**Data excerpt:**
________
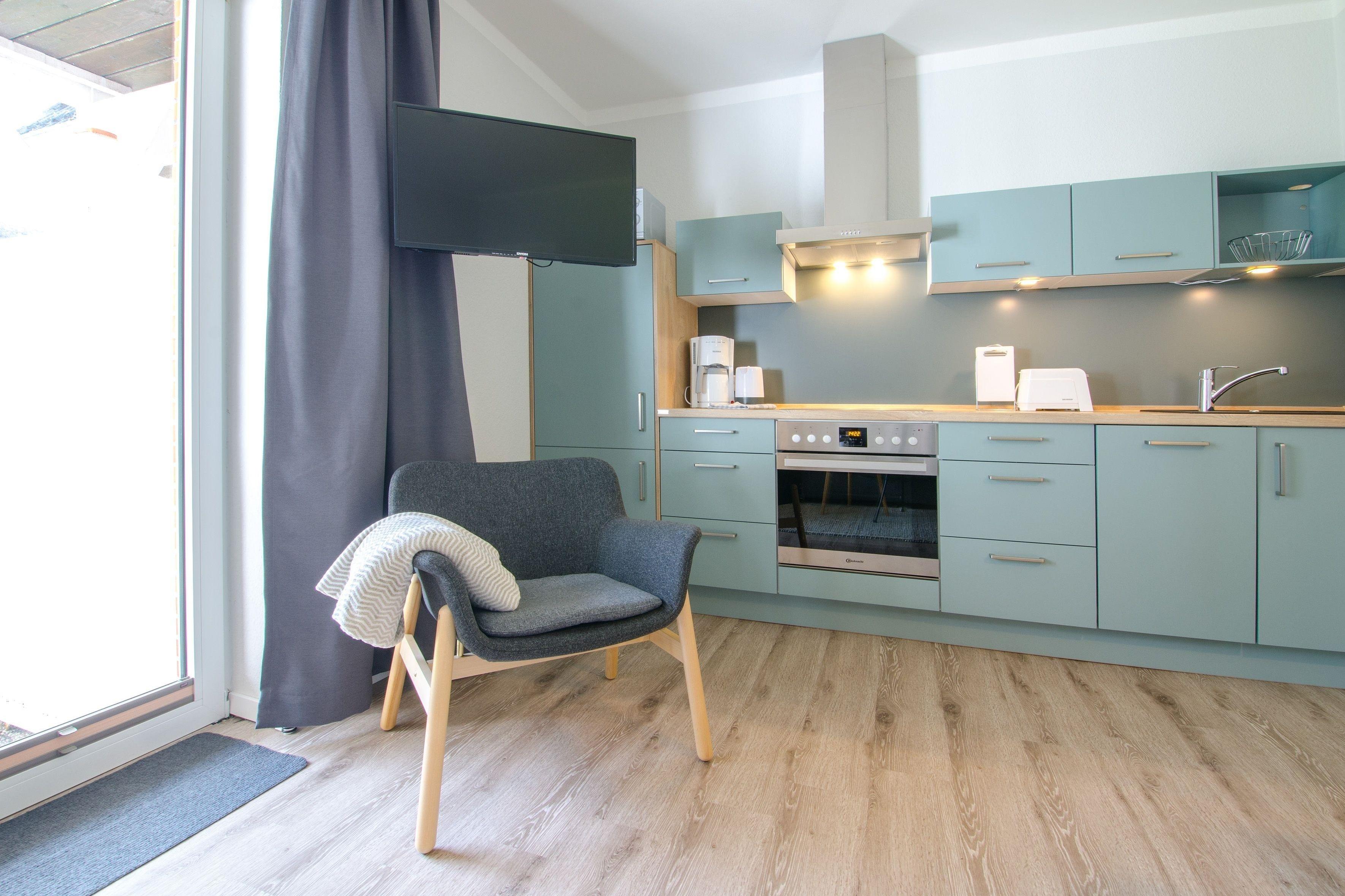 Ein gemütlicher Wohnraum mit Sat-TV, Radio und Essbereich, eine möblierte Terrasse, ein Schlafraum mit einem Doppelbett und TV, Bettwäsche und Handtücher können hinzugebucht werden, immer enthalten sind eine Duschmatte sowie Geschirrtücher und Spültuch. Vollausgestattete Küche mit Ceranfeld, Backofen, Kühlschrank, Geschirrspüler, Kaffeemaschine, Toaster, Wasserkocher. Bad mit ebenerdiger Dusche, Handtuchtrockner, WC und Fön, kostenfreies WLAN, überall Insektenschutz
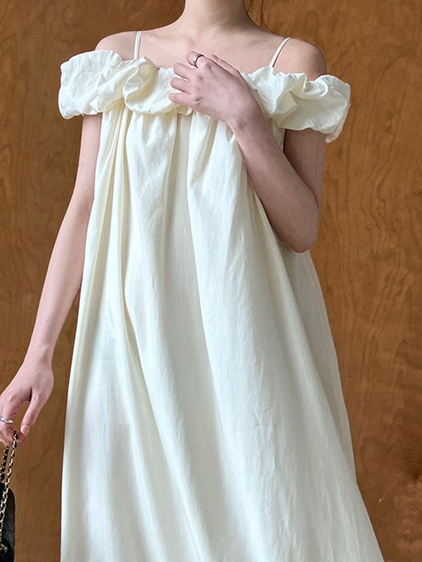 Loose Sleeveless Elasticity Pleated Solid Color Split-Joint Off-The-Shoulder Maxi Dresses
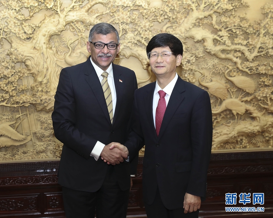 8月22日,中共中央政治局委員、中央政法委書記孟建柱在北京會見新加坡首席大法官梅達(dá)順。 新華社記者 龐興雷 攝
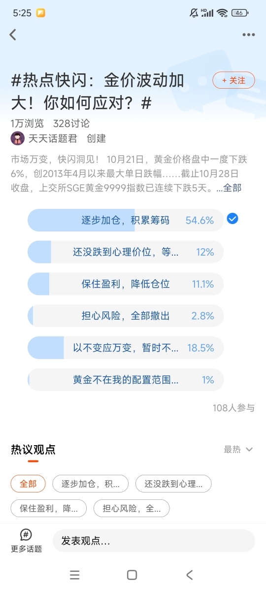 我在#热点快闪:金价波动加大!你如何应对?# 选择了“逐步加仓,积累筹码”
________
**Requirement:**
Hand back exactly the lines from the one with "Loose Sleeveless Elasticity" through the last line of the data above, both ends included, with every picture left out.

**Exercise answer:**
 Loose Sleeveless Elasticity Pleated Solid Color Split-Joint Off-The-Shoulder Maxi Dresses
 8月22日,中共中央政治局委員、中央政法委書記孟建柱在北京會見新加坡首席大法官梅達(dá)順。 新華社記者 龐興雷 攝
 我在#热点快闪:金价波动加大!你如何应对?# 选择了“逐步加仓,积累筹码”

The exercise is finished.